Посмотрел недавно фильм "Маленький Будда" Мечтал об этом года 2...Так я не расстраивался очень давно. Это ужасный фильм.
 Начнём с того, что бОльшую часть времени режиссёр (Бертолуччи) решил уделить американскому "претенденту". Весь фильм ему рассказывается известная история жизни Гаутамы Шакьямуни. Давая понять зрителю, что Дхарма есть очень хорошо. Отец американского мальчика против поездки ребёнка в Бутан. Он даже язвит в разговоре с ламой, говоря что вывоз ребёнка в другую страну без разрешения называется похищением.Но тут у него внезапно умирает родственник и он меняет позицию. Сюжетный ход на уровне школьника-графомана.
 Лама в свою очередь чем-то болеет, это ружьё выстрелит в финале.
Далее, в Бутане белый варвар знакомится с остальными кандидатами: бомжеватого вида мальчонка и надменная девочка.
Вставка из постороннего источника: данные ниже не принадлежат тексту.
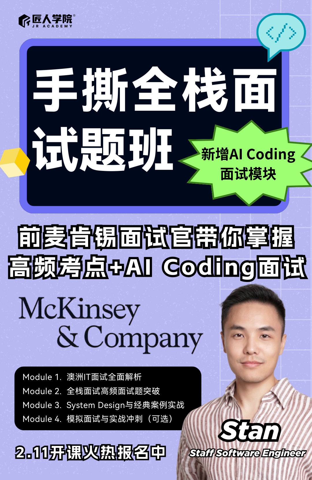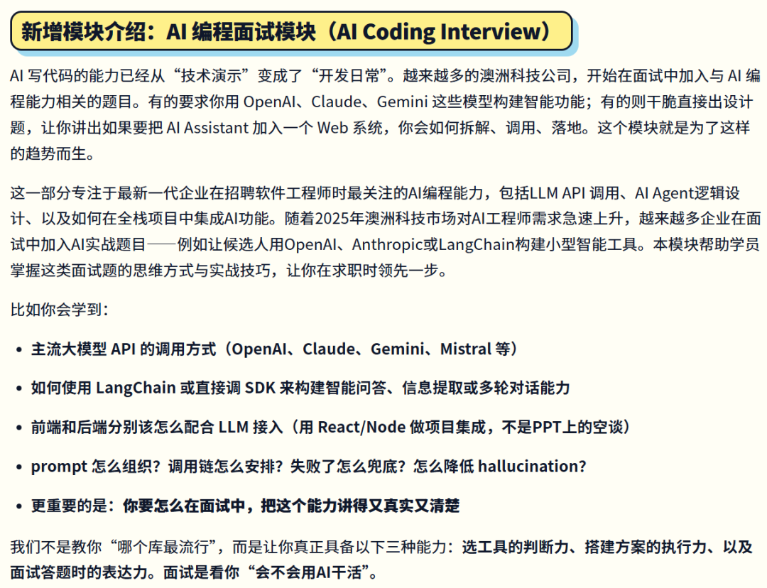 2026 年这版课程,课程新增了一个非常重要的模块 —— AI 编程面试(AI Coding Interview),因为我们发现,哪怕是同一家公司、同一岗位,现在面试问法和重点也已经发生了明显变化。

Лама рассказывает им историю до конца. После начинается процедура идентификации. Лама выходит и кланяется в ноги бомжонку, называя его учителем. Потом та же история с девочкой. Но с американцем случилось удивительное-он то же поклонился своем "ученику". Настоящий демократ! Не посмотрел на архаичную традицию. Показал себя настоящим буддистом-ведь все живые существа равны.
А заканчивается смертью ламы и отправкой его праха в плавание по водам Гудзонского ( или какой в Нью-Йорке )залива. Причём папаша там присутствует, он за время проведённое в окружении поющих буддистов "прикололся по буддизму". Потому что буддизм показан пафосной, основанной на внешних атрибутах религией. По которой можно только приколоться.
 Мой вердикт таков: Бертолуччи снял рекламный ролик Дхармы и рекламный ролик Америке. И Дхарме реклама точно не нужна, это ведь не "Пепси". Надеюсь что это явилось следствием прозелетизма, может Бертолуччи тоже прикололся? Но с Америкой как быть? Проблемы с налогами?  :Roll Eyes (Sarcastic): 
Короче фильм плохой. Извините за сумбур .
P.S. Лама касался женщины. А можно?
P.S.В роли царевича К. Ривз.

----------


## Spirit

Католик с левацкими наклонностями и эстетикой кониркультуры 60-х годов решил снять дружелюбный фильм О буддизме... Ну и хорошо...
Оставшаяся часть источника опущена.